Leveraging Structured Outputs and Pydantic Models
In this code generation pipeline, we utilize OpenAI's structured outputs mode and Pydantic models to ensure consistent and well-formatted responses from the language model. This approach offers several advantages:
- Type Safety: By defining Pydantic models for our expected outputs, we enforce a strict structure for the generated code, program runners, and unit tests.
- Easier Parsing: The structured output mode allows us to directly parse the model's response into our predefined Pydantic models, reducing the need for complex post-processing.
- Improved Reliability: By specifying the exact format we expect, we reduce the likelihood of unexpected or malformed outputs from the language model.
Here's an example of how we define our Pydantic models and use them with OpenAI's structured outputs:
class GeneratedCode(BaseModel):
function_signature: str
function_args_with_docstring_within_triple_quotes: str
code_logic: str
class FormattedGeneratedCode(BaseModel):
full_code: str
Implementing a Code Formatter
To ensure consistent and clean code output, we implement a CodeFormatter class using Weave operations. This formatter applies various linting and styling rules to the generated code, program runner, and unit tests.

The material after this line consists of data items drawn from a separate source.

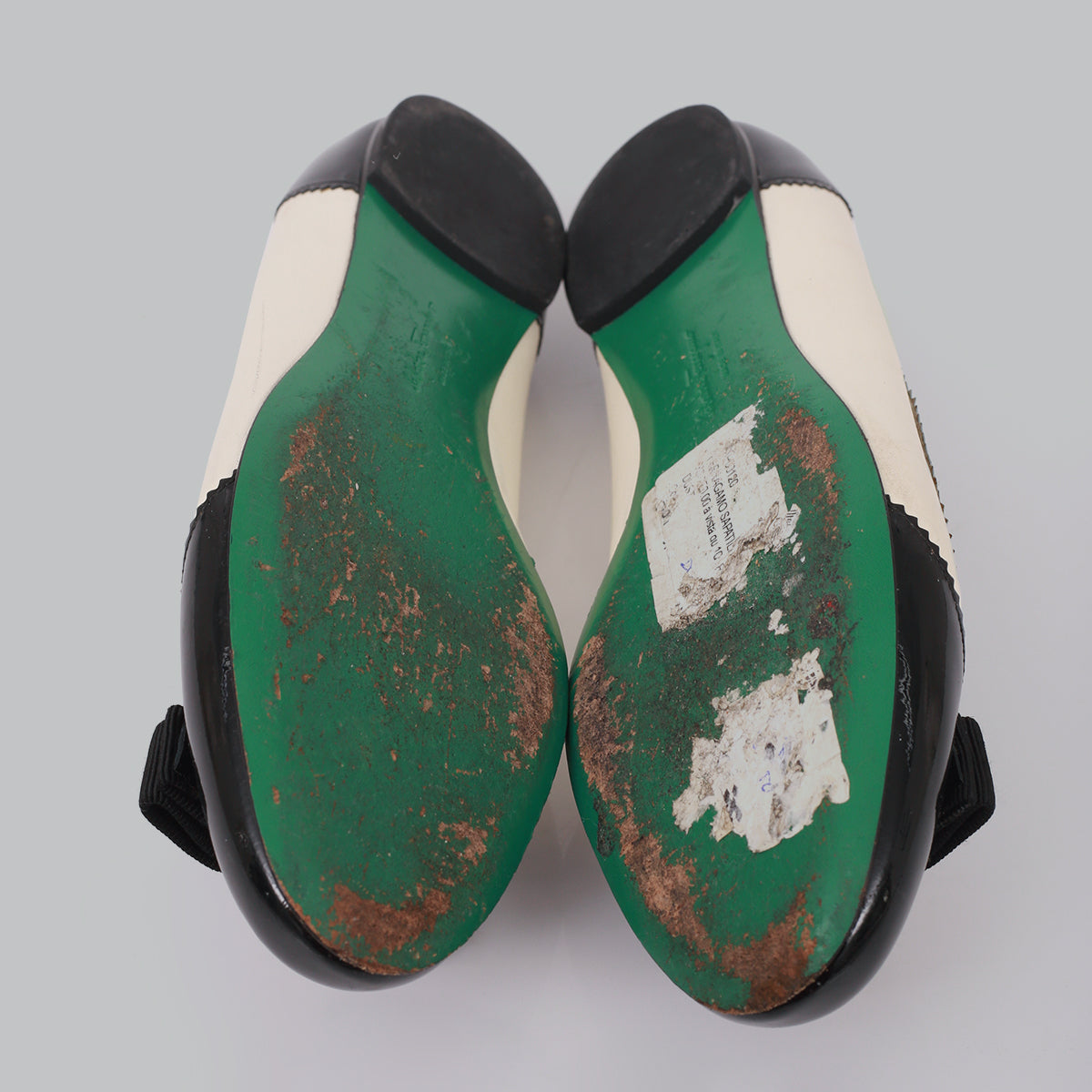 Detalhes: Sapatilha confeccionada em couro na cor off white. Modelo possui bico arredondado na cor preta com laço e placa de logo da marca, detalhe no calcanhar na cor preta e detalhes em verde e azul nas extremidades. *Acompanha dustbag da marca*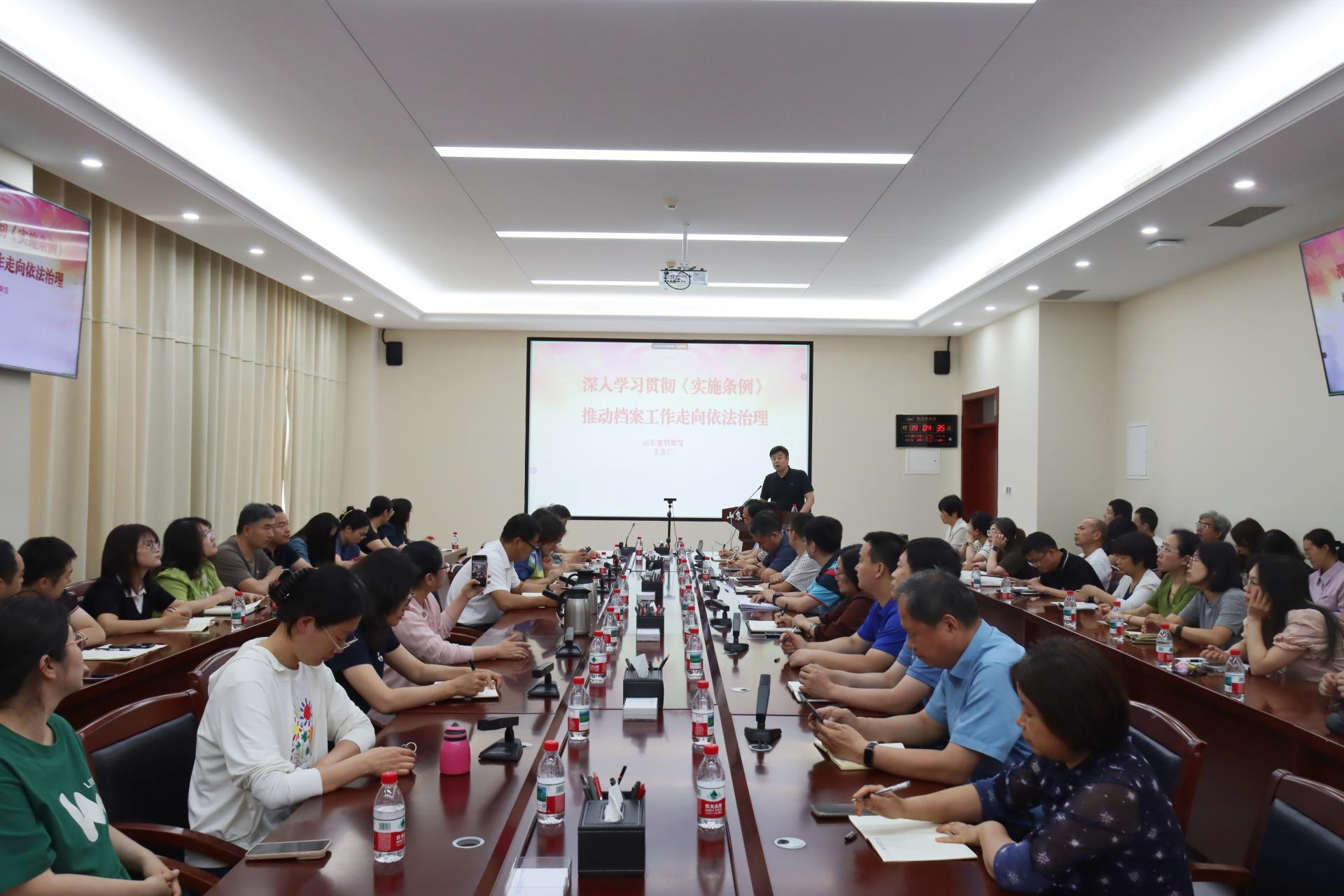 在第十八个国际档案日到来之际,5月29日,学校在长清校区明德楼301会议室举办第九期办公室综合业务培训班暨档案法实施条例专题培训,邀请山东省档案馆经济科技档案业务处四级调研员王志广作专题报告。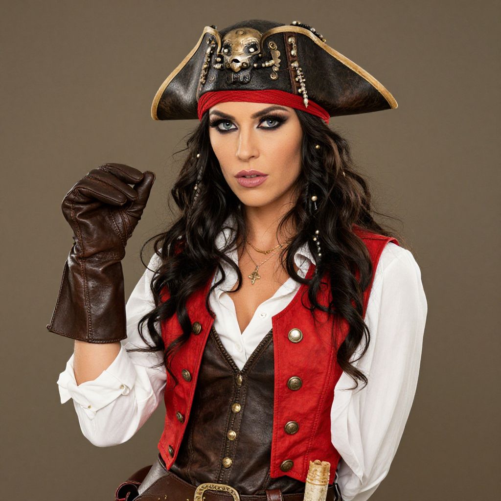 Photograph of a woman dressed as a pirate. She has long, wavy black hair, heavy eye makeup, and wears a black tricorn hat with a skull and crossbones emblem. Her outfit includes a red and black vest over a white shirt, black leather gloves, and a black corset. She has a gold necklace and her right hand is raised in a fist. The background is a solid, muted brown. The image has a digital, stylized look with vivid colors and sharp contrasts. The woman's expression is confident and slightly seductive.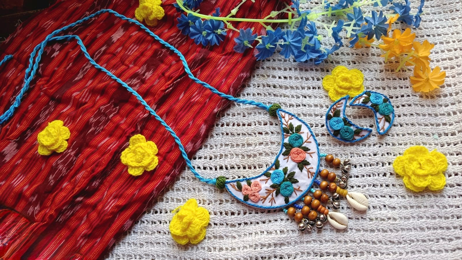 Look like a magnificent diva with this lovely multi-coloured mirrorwork necklace set by DESIMORNI. Crafted with the finest material, this necklace is sure to solidify your identity as a style icon. Team it up with a kurta set and embellished flats for a fashionable look.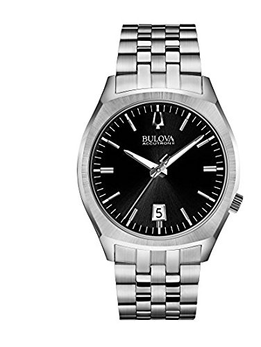 From the Surveyor Collection. Crafted of stainless steel, double-curved K-1 mineral glass box crystal, black sunray dial, luminous hands, calendar, second hand, off-center crown, screw-back case, and double-press deployant closure and water resistance to 30 meters.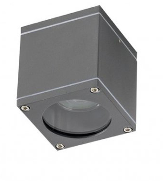 Stropní, venkovní svítidlo, těleso kov, povrch bílá/černá antracit, kryt sklo čiré, pro žárovku 1x35W, GU10, 230V, IP54, rozměry: 90x90mm, h=108mm.
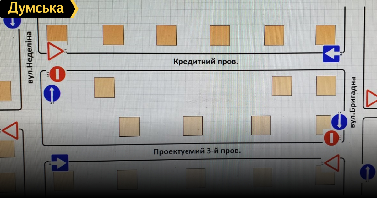 Движение по Кредитному переулку будет осуществляться от Бригадной улицы к Неделина. По 3-му Проектируемому – в обратном направлении.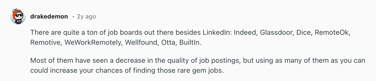 Built In can be a useful addition for anyone targeting tech or startup roles. While it shouldn’t be your only platform, staying active on it can still help you come across relevant opportunities during your search.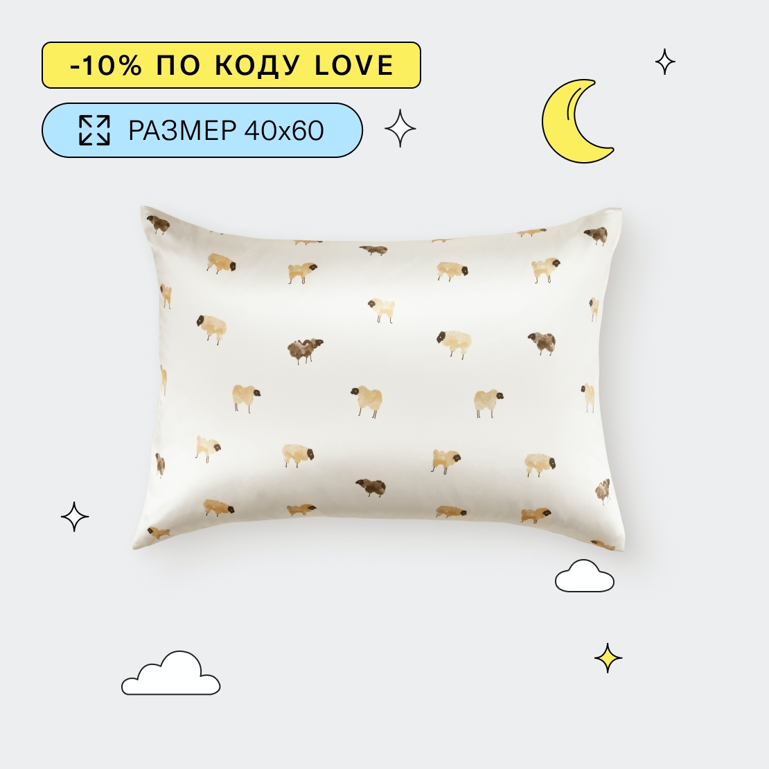 Наволочка 50х70 из натурального шёлка, принт овечки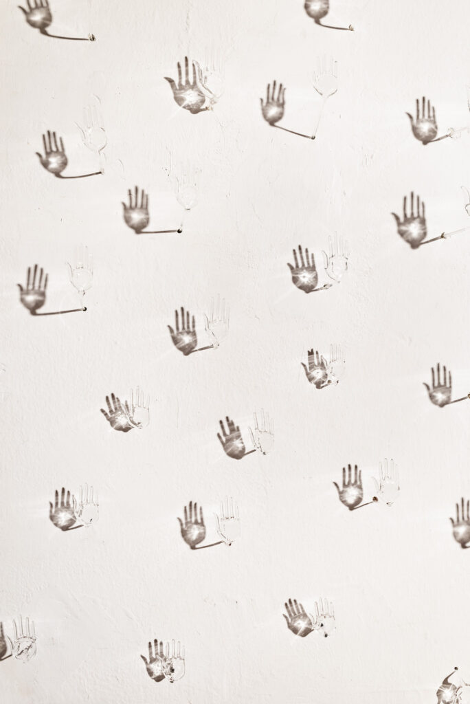 Emblematica è l’opera I hear you and I am with you: eteree quanto stentoree manine di vetro che si protendono verso il cuore dello spettatore, attraversando simbolicamente muri di mutismo e oppressione. Non vi è retorica accusatoria, ma un invito alla presenza: sostare nel ricordo, assumere la memoria come atto di relazione. La fragilità del vetro si fa qui forza silenziosa, capace di incidere senza ferire, un fermata di assestamento per riallineare ad una forma di ascolto e di relazione sana e virtuosa.
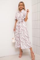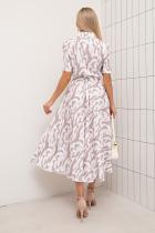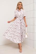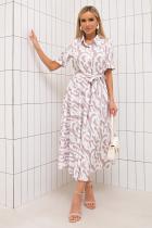Женственное платье приталенного силуэта из легкой ткани с оригинальным принтом. Втачной короткий рукав оканчивается притачной манжетой с отворотом. Горловина оформлена классическим воротником на стойке. По переду выполнена планка с застежкой на петли и пуговицы. Модель отрезная по линии талии, присборена на эластичную резинку и дополнена шлевками под пояс. По бокам функциональные карманы. Низ ровный, без разрезов. Пояс из основного материала в комплекте.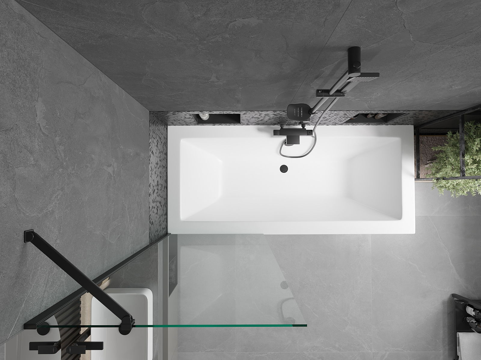 Mexen Cube Rechteckige Badewanne 170 x 80 cm mit Verkleidung und 1-flügeliger Abtrennung 70 cm, transparent, schwarz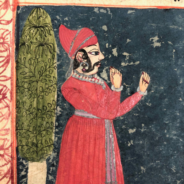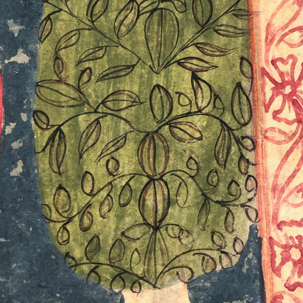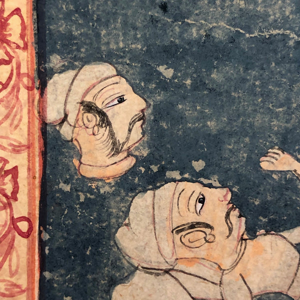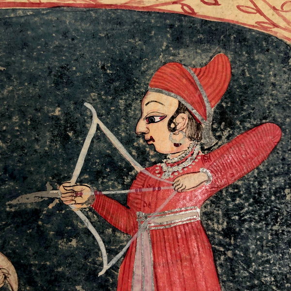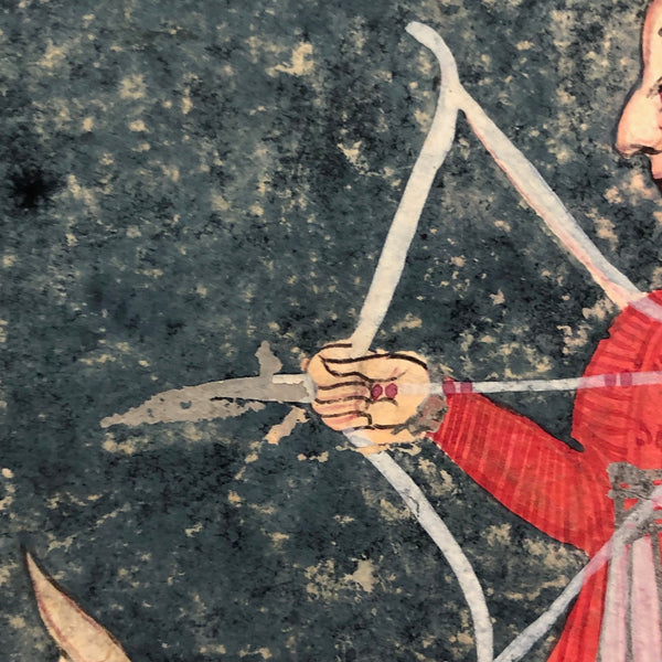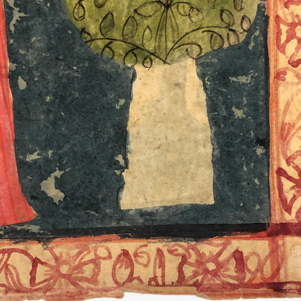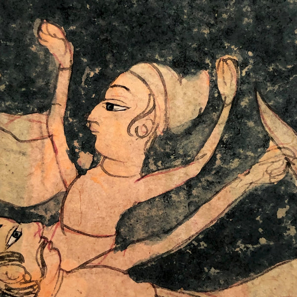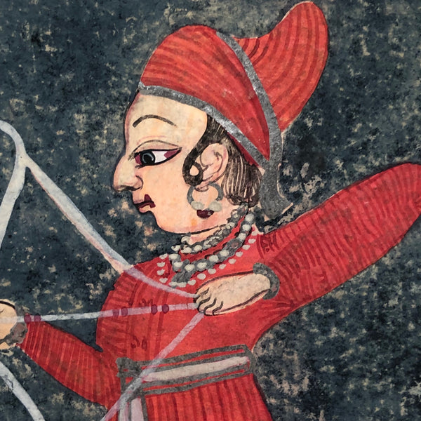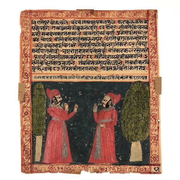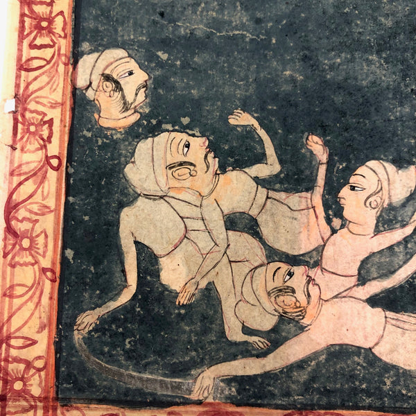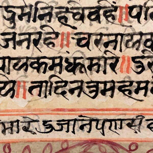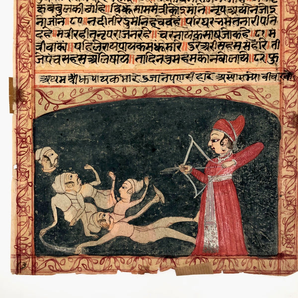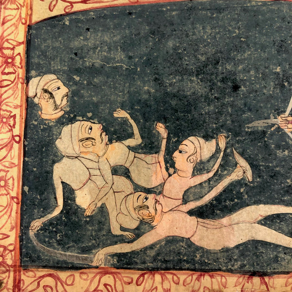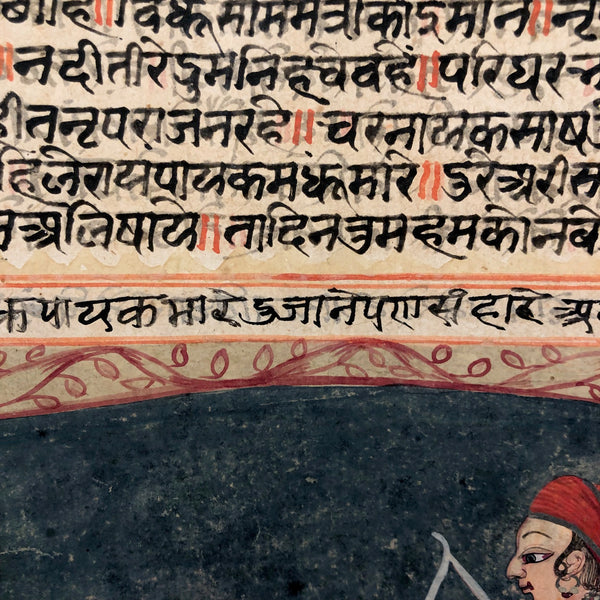Not really my expertise (what is?!) but I believe this is quite old, (18th c?) I can't read Sanscrit, and don't know the narrative being represented, but I do know it's an exquisite thing, that makes me think I really need to start paying more attention to Indian manuscripts! I've gone back and forth on which side of the double-sided page I like better--I'm completely smitten with this pair of men in rich red, one with fists up the other looking as if gesturing to take it easy, but then this woman with her bow and arrow who has left a pile of men in ruins! (The balletic gestures of their thin arms as they lay in a pile slays me, too.) The color and richness of the blacks, the gestures and details, the handwritten sanskrit, just gorgeous, and every inch filled. My new favorite thing (though there are several things I am quite in love with this week!) I'd definitely put in a double paned float frame so as to be able to view both sides.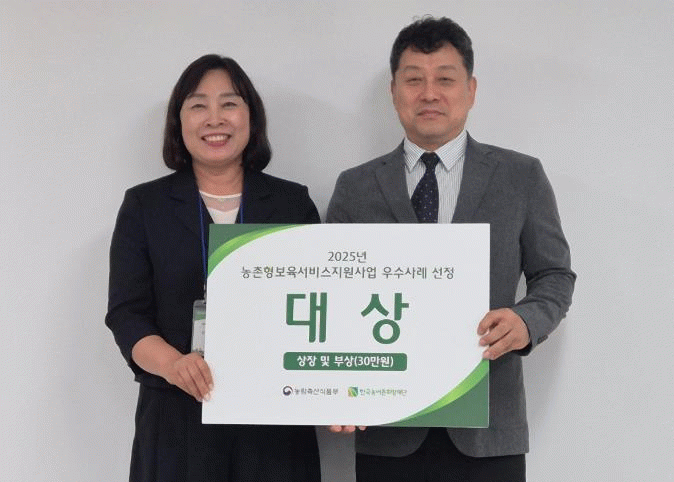 전국의 농촌형 보육서비스 지원사업을 운영중인 251개소 중 우수기관 6개소 선정에서 대상을 수상하는 최고의 영예를 얻었다.

class CodeFormatter(BaseModel):
@weave.op()
def lint_code(self, code: str) -> str:
# Replace escaped newlines with actual newlines
code = code.replace("\\n", "\n")
# Remove unused imports and variables
code = fix_code(
code, remove_all_unused_imports=True, remove_unused_variables=True
)
# Sort imports
code = isort.code(code)
# Apply PEP 8 formatting
code = autopep8.fix_code(code, options={"aggressive": 2})
return code
@weave.op()
def add_imports(self, code: str) -> str:
tree = ast.parse(code)
from_imports = {}
global_names = set()
for node in ast.walk(tree):
if isinstance(node, ast.Name):
if node.id not in dir(__builtins__):
global_names.add(node.id)
# Only add typing imports that are actually used
typing_imports = global_names.intersection(
{"List", "Dict", "Tuple", "Set", "Optional", "Union"}
)
if typing_imports:
from_imports["typing"] = typing_imports
# Remove names that are defined within the function
function_def = next(
node for node in tree.body if isinstance(node, ast.FunctionDef)
)
local_names = {arg.arg for arg in function_def.args.args}
local_names.update(
node.id
for node in ast.walk(function_def)
if isinstance(node, ast.Name) and isinstance(node.ctx, ast.Store)
)
global_names -= local_names
global_names -= {"sorted"} # Remove built-in functions
# Construct the import statements
import_statements = []
for module, names in from_imports.items():
names_str = ", ".join(sorted(names))
import_statements.append(f"from {module} import {names_str}")
return (
"\n".join(import_statements) + ("\n\n" if import_statements else "") + code
)
@weave.op()
def format_generated_code(
self, generated_code: GeneratedCode
) -> FormattedGeneratedCode:
# Combine the code parts
full_code = f"{generated_code.function_signature}\n{generated_code.function_args_with_docstring_within_triple_quotes}\n{generated_code.code_logic}"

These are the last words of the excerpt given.